Efficiently process each unique permutation of a vector when number of unique elements in vector is much smaller than vector size

Question

In a program I need to apply a function in parallel to each unique permutation of a vector. The size of the vector is around N=15

I already have a function void parallel_for_each_permutation which I can use in combination with a std::set to only process each unique permutation exactly once.

This all works well for the general case. However, in my use case the number of unique elements k per vector is very limited, usually around k=4. This means that I'm currently wasting time constructing the same unique permutation over and over again, just to throw it away because it has already been processed.

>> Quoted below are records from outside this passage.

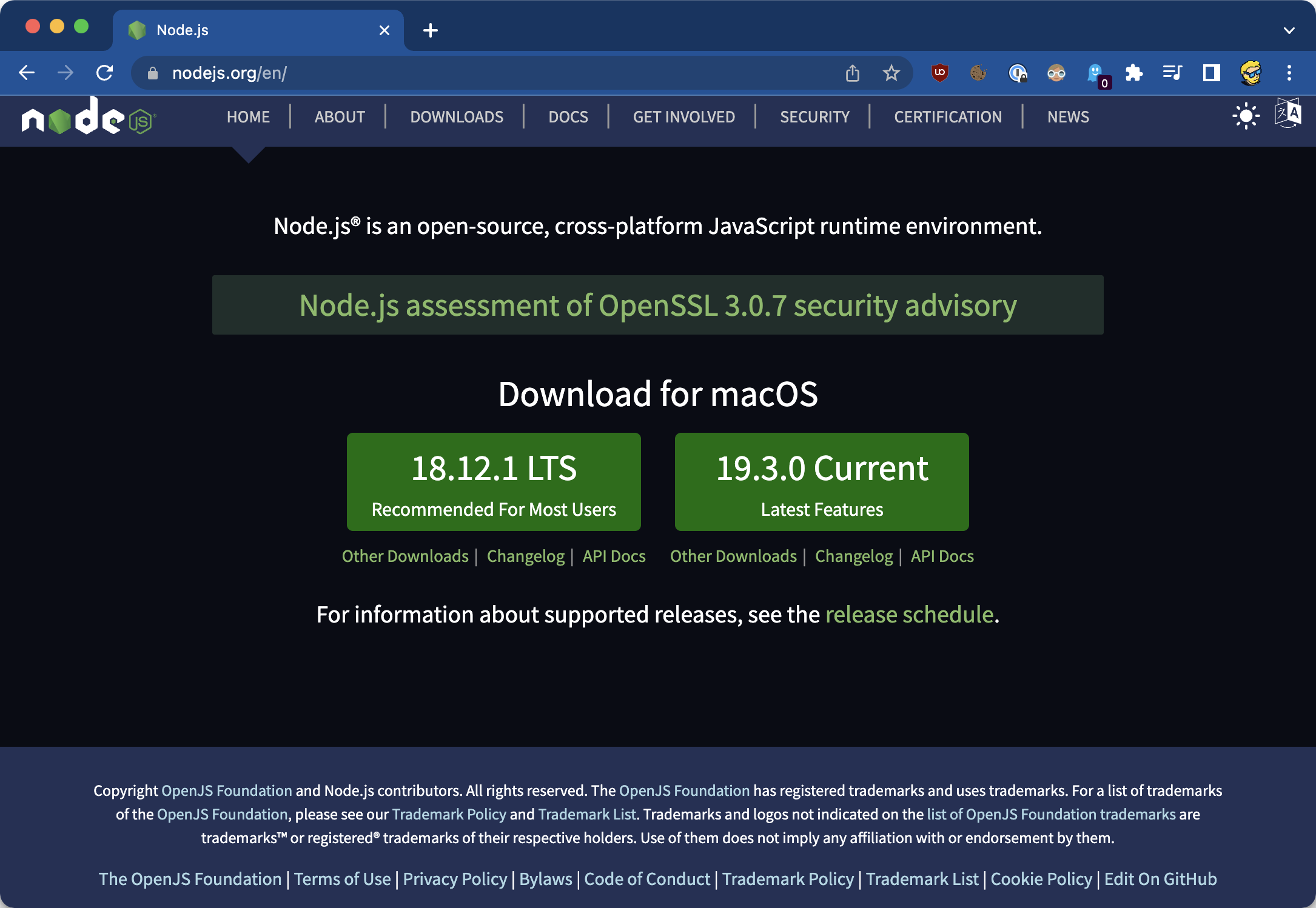 You have 2 options: LTS (long-term support) or Current, which has all the latest features.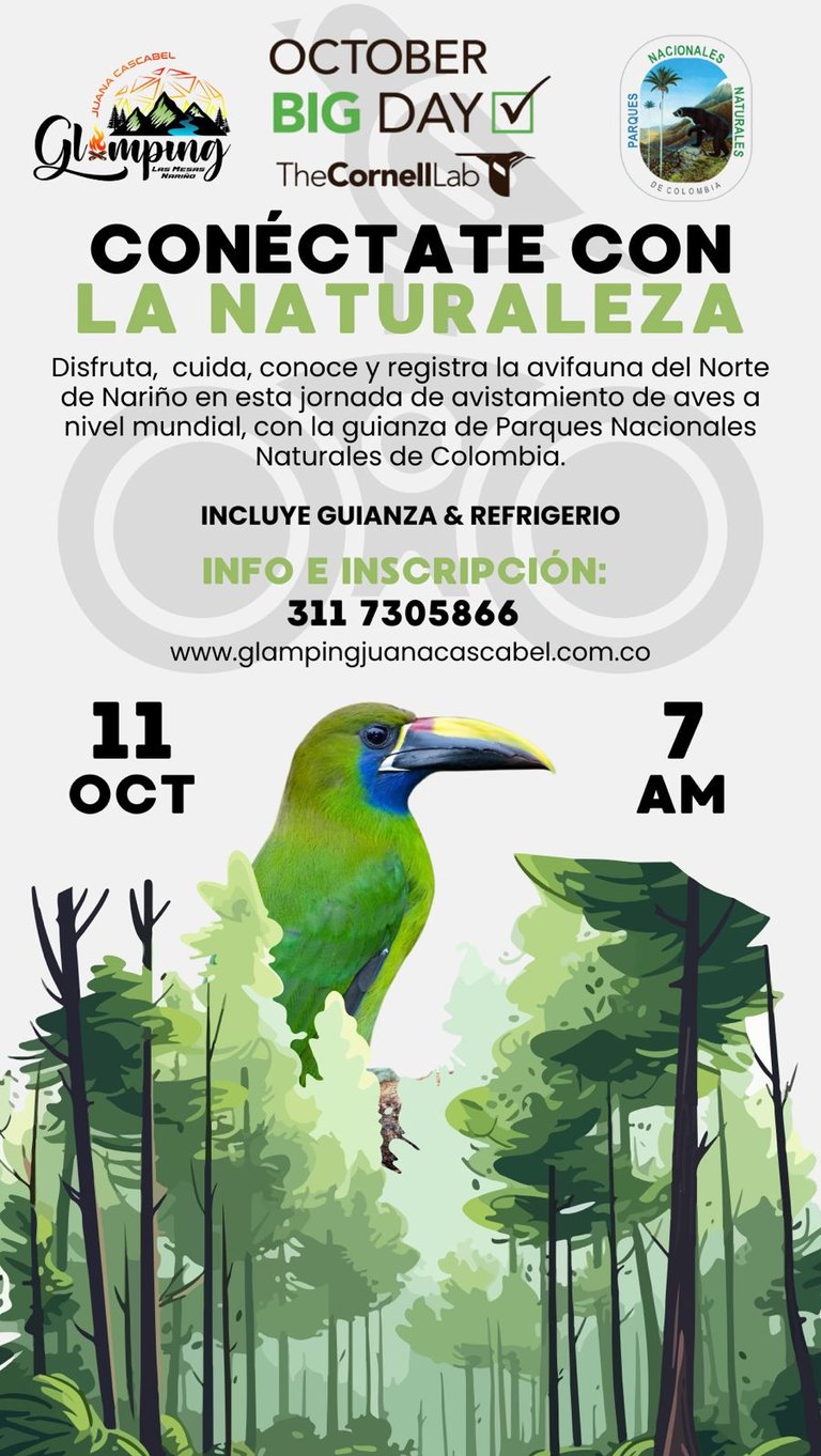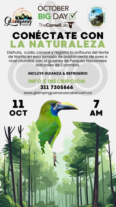 Te invitamos a nuestra primera jornada de avistamiento de aves en nuestra región. Todo esto gracias a Parques Nacionales Naturales de Colombia y Glamping Juana Cascabel. Te contamos que esta actividad es 100% gratuita.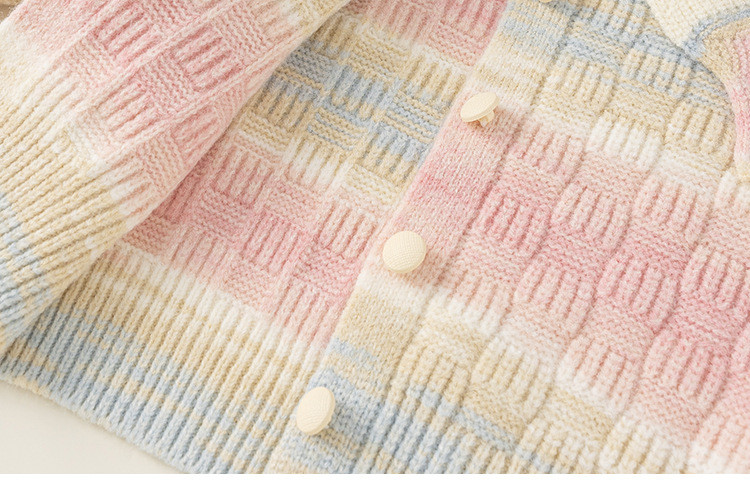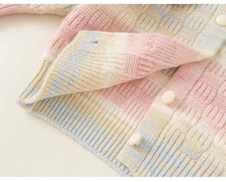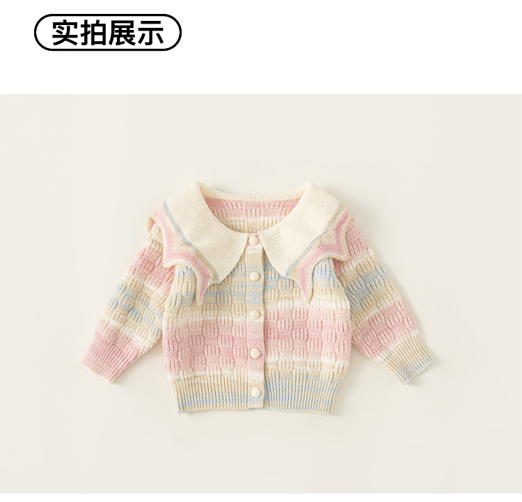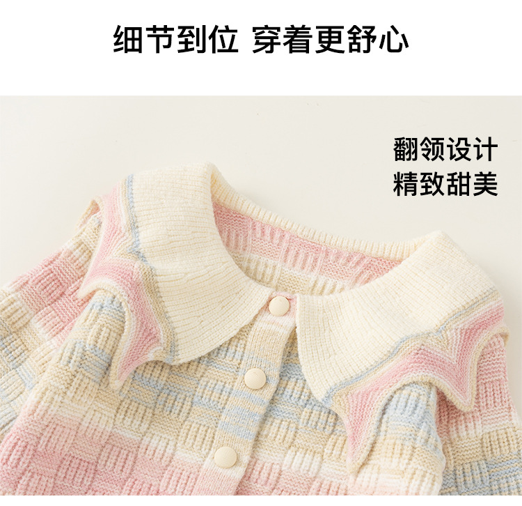 유바오 아동복 2026 봄 가을 큰 카라 여아 스웨터 아동 니트웨어 그라데이션 컬러 스웨터 여아 코트스토어 가기

Is it possible to process all unique permutations in this special case, without constructing all N! permutations?

Example use-case:

#include <algorithm>
#include <thread>
#include <vector>
#include <mutex>
#include <numeric>
#include <set>
#include <iostream>

template<class Container1, class Container2>
struct Comp{
    //compare element-wise less than
    bool operator()(const Container1& l, const Container2& r) const{
        auto pair = std::mismatch(l.begin(), l.end(), r.begin());
        if(pair.first == l.end() && pair.second == r.end())
            return false;
        return *(pair.first) < *(pair.second);
    }
};

template<class Container, class Func>
void parallel_for_each_permutation(const Container& container, int num_threads, Func func){
    auto ithPermutation = [](int n, size_t i) -> std::vector<size_t>{
        // https://stackoverflow.com/questions/7918806/finding-n-th-permutation-without-computing-others
        std::vector<size_t> fact(n);
        std::vector<size_t> perm(n);

        fact[0] = 1;
        for(int k = 1; k < n; k++)
            fact[k] = fact[k-1] * k;

        for(int k = 0; k < n; k++){
            perm[k] = i / fact[n-1-k];
            i = i % fact[n-1-k];
        }

        for(int k = n-1; k > 0; k--){
            for(int j = k-1; j >= 0; j--){
                if(perm[j] <= perm[k])
                    perm[k]++;
            }
        }

        return perm;
    };

    size_t totalNumPermutations = 1;
    for(size_t i = 1; i <= container.size(); i++)
        totalNumPermutations *= i;

    std::vector<std::thread> threads;

    for(int threadId = 0; threadId < num_threads; threadId++){
        threads.emplace_back([&, threadId](){
            const size_t firstPerm = size_t(float(threadId) * totalNumPermutations / num_threads);
            const size_t last_excl = std::min(totalNumPermutations, size_t(float(threadId+1) * totalNumPermutations / num_threads));

            Container permutation(container);

            auto permIndices = ithPermutation(container.size(), firstPerm);

            size_t count = firstPerm;
            do{
                for(int i = 0; i < int(permIndices.size()); i++){
                    permutation[i] = container[permIndices[i]];
                }

                func(threadId, permutation);
                std::next_permutation(permIndices.begin(), permIndices.end());
                ++count;
            }while(count < last_excl);
        });
    }

    for(auto& thread : threads)
        thread.join();
}

template<class Container, class Func>
void parallel_for_each_unique_permutation(const Container& container, Func func){
    using Comparator = Comp<Container, Container>;
    constexpr int numThreads = 4;

    std::set<Container, Comparator> uniqueProcessedPermutations(Comparator{});
    std::mutex m;

    parallel_for_each_permutation(
        container,
        numThreads,
        [&](int threadId, const auto& permutation){

            {
                std::lock_guard<std::mutex> lg(m);
                if(uniqueProcessedPermutations.count(permutation) > 0){
                    return;
                }else{
                    uniqueProcessedPermutations.insert(permutation);
                }
            }

            func(permutation);
        }
    );
}

int main(){
    std::vector<int> vector1{1,1,1,1,2,3,2,2,3,3,1};

    auto func = [](const auto& vec){return;};

    parallel_for_each_unique_permutation(vector1, func);
}

Answer 1

The permutations you have to work with are known in the field of combinatorics as multiset permutations .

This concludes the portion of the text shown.